Suburban mothers, cryptocurrency enthusiasts, and Taylor Swift fans are not the only groups making their influence known this election season. Bond investors are expressing their opinions through financial markets, and their sentiment is increasingly negative.
The term “bond vigilantes,” popularized by Wall Street veteran Ed Yardeni in the 1980s, describes traders who respond to large deficits by selling off bonds to increase yields. In a recent note, Yardeni, the president of Yardeni Research, and Eric Wallerstein, the firm’s chief markets strategist, highlighted that these bond vigilantes are acting early. They pointed out that the 10-year Treasury yield has surged by 63 basis points to 4.25% since the Federal Reserve’s announcement of a half-point rate cut last month.
Yardeni and Wallerstein indicated in their note that the bond vigilantes are indirectly expressing their dissatisfaction with Federal Reserve Chair Jerome Powell’s dovish monetary policy. They believe the economy is overheating, suggesting that the Fed’s premature 50-basis-point rate cut on September 18 might exacerbate this issue.
Prior to the initial rate cut, Treasury yields declined as investors anticipated an aggressive easing cycle to match the previous tightening cycle. However, following the Fed meeting, a significant reversal occurred.

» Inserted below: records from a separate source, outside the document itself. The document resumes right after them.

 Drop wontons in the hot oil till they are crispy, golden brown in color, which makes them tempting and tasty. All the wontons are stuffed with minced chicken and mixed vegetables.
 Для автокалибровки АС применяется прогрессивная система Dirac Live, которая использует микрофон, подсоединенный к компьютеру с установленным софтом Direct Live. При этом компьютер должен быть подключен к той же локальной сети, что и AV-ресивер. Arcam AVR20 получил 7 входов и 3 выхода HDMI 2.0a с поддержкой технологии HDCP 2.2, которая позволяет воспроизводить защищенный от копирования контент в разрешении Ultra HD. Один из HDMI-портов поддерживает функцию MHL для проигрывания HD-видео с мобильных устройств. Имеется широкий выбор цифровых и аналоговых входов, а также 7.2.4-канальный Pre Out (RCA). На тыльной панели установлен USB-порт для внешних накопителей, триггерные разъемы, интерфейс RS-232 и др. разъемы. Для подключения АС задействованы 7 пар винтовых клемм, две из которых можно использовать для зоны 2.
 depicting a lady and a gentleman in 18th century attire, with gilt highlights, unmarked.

The shift in sentiment has been so pronounced that several Wall Street analysts have warned that the central bank might halt further rate cuts. The change in perspective stems from signals by Fed officials and economic data that have reduced optimism for widespread easing.
Yardeni and Wallerstein also attributed recent market movements to the outlook on federal deficits, which have significantly increased. At $950 billion for the fiscal year ending September 30—a 35% increase from the previous year—this rise is mainly attributed to higher interest rates.

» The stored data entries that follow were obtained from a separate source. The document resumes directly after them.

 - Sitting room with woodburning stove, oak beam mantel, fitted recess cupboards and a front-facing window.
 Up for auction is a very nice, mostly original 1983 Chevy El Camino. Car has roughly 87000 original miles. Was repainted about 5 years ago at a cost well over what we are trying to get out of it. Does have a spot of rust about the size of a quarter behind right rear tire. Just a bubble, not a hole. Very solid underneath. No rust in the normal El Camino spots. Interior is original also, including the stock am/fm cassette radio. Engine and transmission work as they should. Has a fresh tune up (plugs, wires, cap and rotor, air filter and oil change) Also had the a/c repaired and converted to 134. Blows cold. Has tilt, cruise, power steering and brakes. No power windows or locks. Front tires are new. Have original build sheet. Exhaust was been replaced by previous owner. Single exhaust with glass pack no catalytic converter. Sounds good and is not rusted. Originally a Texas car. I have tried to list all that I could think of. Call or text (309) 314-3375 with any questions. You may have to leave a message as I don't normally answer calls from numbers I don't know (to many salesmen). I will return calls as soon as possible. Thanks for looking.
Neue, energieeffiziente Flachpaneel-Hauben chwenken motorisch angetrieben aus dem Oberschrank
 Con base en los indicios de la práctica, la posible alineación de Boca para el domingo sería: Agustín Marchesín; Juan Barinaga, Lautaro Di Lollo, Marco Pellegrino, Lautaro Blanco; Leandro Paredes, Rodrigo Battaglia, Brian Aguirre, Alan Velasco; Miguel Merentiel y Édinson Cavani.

The bond vigilantes may also be targeting Washington, anticipating that regardless of which party controls the White House and Congress, fiscal policies will continue to inflate the budget deficit and potentially increase inflation. The next administration is expected to face net interest expenditures exceeding $1 trillion on the growing federal debt.
Concerns regarding the escalating federal deficit are widespread. Analysts at the Penn Wharton Budget Model and the Committee for a Responsible Federal Budget have predicted that policies by former President Donald Trump could lead to a more severe fiscal shortfall compared to those expected under Kamala Harris. Trump has suggested a series of tax cuts, including the potential elimination of income taxes, while proposing across-the-board tariff increases, which could be inflationary as companies pass on the added costs to consumers.
With Trump gaining ground in the polls, the bond market is increasingly factoring in his policies, which are expected to fuel inflation and widen deficits. This scenario is raising expectations of upward pressure on Federal Reserve rates and yields, with investors seeking larger returns due to a surge in new Treasury bonds.
Aside from the rise in Treasury yields, Yardeni and Wallerstein identified other financial market developments, such as increased federal funds futures, heightened inflation expectations via the 10-year TIPS rate, a stronger dollar, and a 33% surge in gold prices year-to-date. Gold has become an attractive hedge against rising inflation, excessive fiscal policies, and geopolitical instability.
Investors are purchasing precious metals to shield their portfolios from various risks. Additionally, foreign central banks, identified as adversaries in global politics, are increasing their gold reserves to potentially evade future financial sanctions.
Although bond vigilantes seemed inactive for years, especially when the Fed maintained low rates, Yardeni remarked last year that they were re-engaging with federal deficits as a focal point. Despite figures like JPMorgan CEO Jamie Dimon raising concerns about U.S. deficits and debt, neither Trump nor Harris has prioritized the issue during their campaigns, potentially amplifying the bond vigilantes’ influence.
The formidable influence of bond vigilantes was vividly demonstrated in the early 1990s. During this period, U.S. yields soared as investors sold Treasury bonds amid concerns about federal deficits, an episode famously known as the Great Bond Massacre. This power was epitomized by James Carville, an adviser to President Bill Clinton, who once expressed a desire to be reincarnated as the bond market due to its ability to intimidate all others.